Pain and hurt are interesting phenomenon to humans. Maybe one of the least understood realities of our existence. We identify things as good or bad based on this phenomenon. The complaint I seem to hear the most about God is how does a good divine being ‘allow’ pain? The answer of Christianity however says that he never ‘allowed’ it. He created it. And the purpose was for our good. Science has gone far enough to learn that pain is in-depth communication from our bodies telling us a great deal about what is good and what is bad. Whether it is physical, emotional, or spiritual, pain always seems to point us in the direction of one thing: life. It warns us of death. It’s the basis of Christianity’s claim that affliction is one of the most loving things God can give to us:

In this you greatly rejoice, even though now for a little while, if necessary, you have been distressed by various trials, so that the tested genuineness of your faith—more precious than gold that perishes though it is tested by fire—may be found to result in praise and glory and honor at the revelation of Jesus Christ. (1 Peter 1:6-7)

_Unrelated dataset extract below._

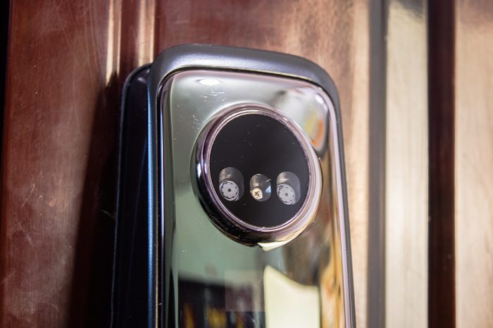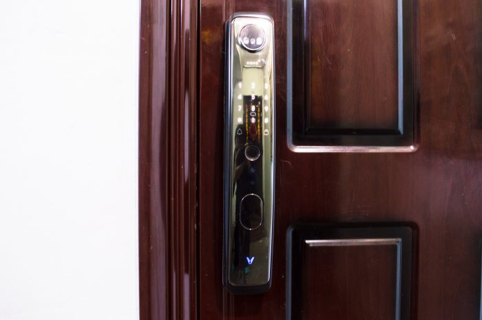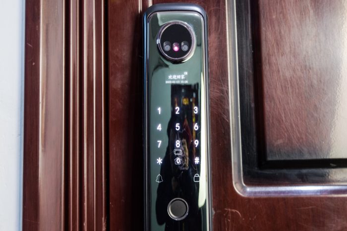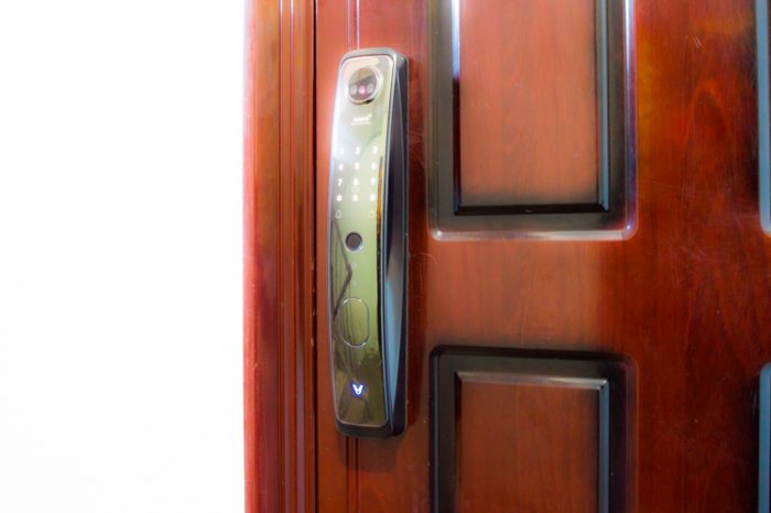 它的外锁很漂亮,是一个弧形的外观,简约大气,整体感很强烈,颇有些科技感,也提升了门的档次。。门锁顶部有醒目的摄像头模块,两只摄像头模能仿人的双眼,能形成立体识别效果,可以辨别照片、视频等图像,用照片是无法开门的。面板中间是指纹识别模块,上方是触控键盘,下方是钥匙孔。在钥匙孔上面,还有一个充电插孔,用于在门锁电量耗尽时,为其提供外部电源,以便正常工作。

I encountered a lot of Christians around the world living out this paradox. They were suffering and yet rejoicing. People suffering who were not Christians never rejoiced. Of course, while Christianity captures all of our pains, sufferings, and sins and weaves them into good, they are not things we try to think about or seek out. Nor do I believe that God would have us do so, although from my studies into Church history many Christians of ancient times seemed to do just that. Only God knows how and where we need pain. The benefit of him being our Father is that if he wants to challenge and refine us, he wants to heal us and bless us even more. According the New Testament, the Christian life is positioned permanently in a place of healing and blessing while at the same time embracing any ‘crosses’ that may come its way. It was also written that the Christian life was only realized by faith. Faith, of course, is not always easy to find.